De Kleine Winkler Prins

Winkler Prins (1949)

Gepubliceerd op 07-06-2020

Eierkunde

betekenis & definitie

(Oölogie) is dat deel van de vogelkunde (z Ornithologie) dat zich bezighoudt met de studie van de schalen van het vogelei. Men kent de eieren van ± ⅙ deel van alle vogelsoorten (alle Europese soorten, bijna alle Australische en N.-Amerikaanse).
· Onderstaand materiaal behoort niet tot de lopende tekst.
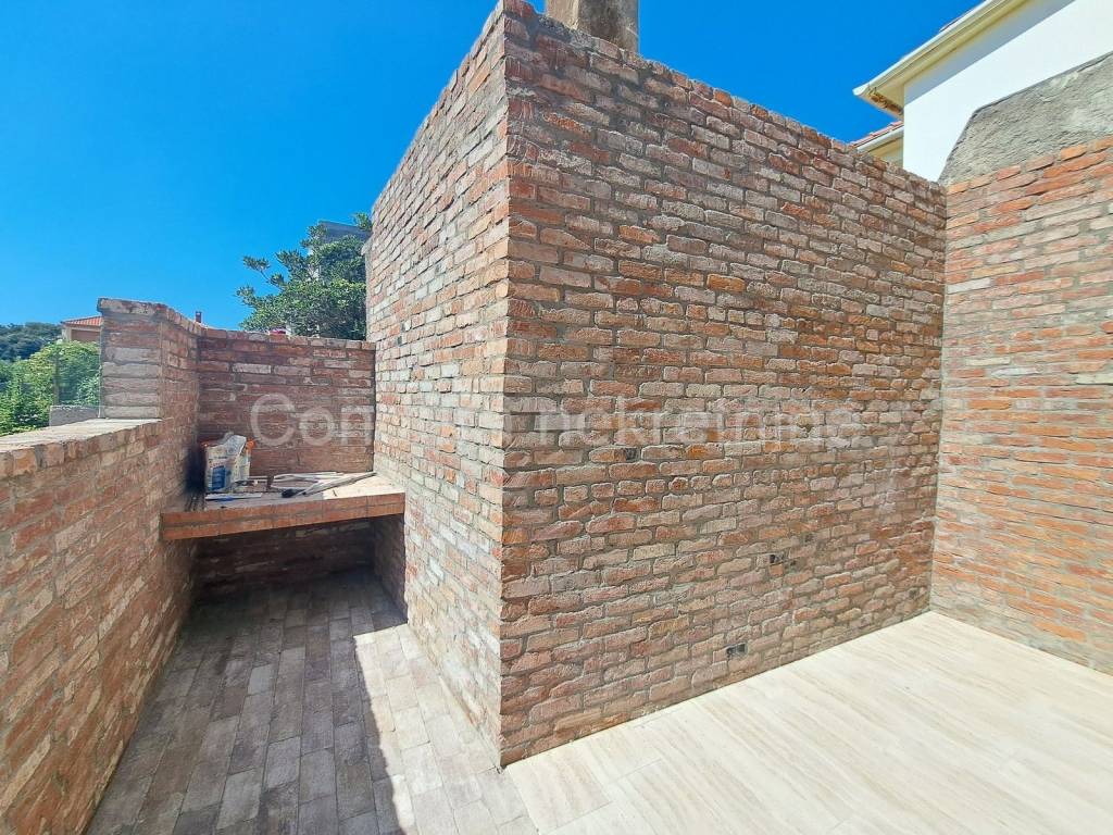 From the kitchen there is an exit to another terrace, also paved with stone, with a large barbecue.

Men beschrijft en bepaalt de eieren door te letten op grootte en gewicht, vorm en gedaante; structuur en bekleding van de kalkschaal (met loupe en microscoop); kleur en tekening. Van de thans levende en bekende vogels is het ei van de struisvogel het grootst en zwaarst, 160 x 130 mm groot, 1400-1500 g zwaar; de eieren van het goudhaantje zijn het kleinst en lichtst (12x9 mm, 32 cg). Van de meeste vogeleieren is de grondkleur wit; van de ca 12.000 vogelsoorten leggen 4200 éénkleurige eieren (3200 wit, 800 blauwgroen, overige geel-, rood-, bruin- of zwartachtig). De overige eieren zijn met vlekken, strepen, punten, enz. getekend.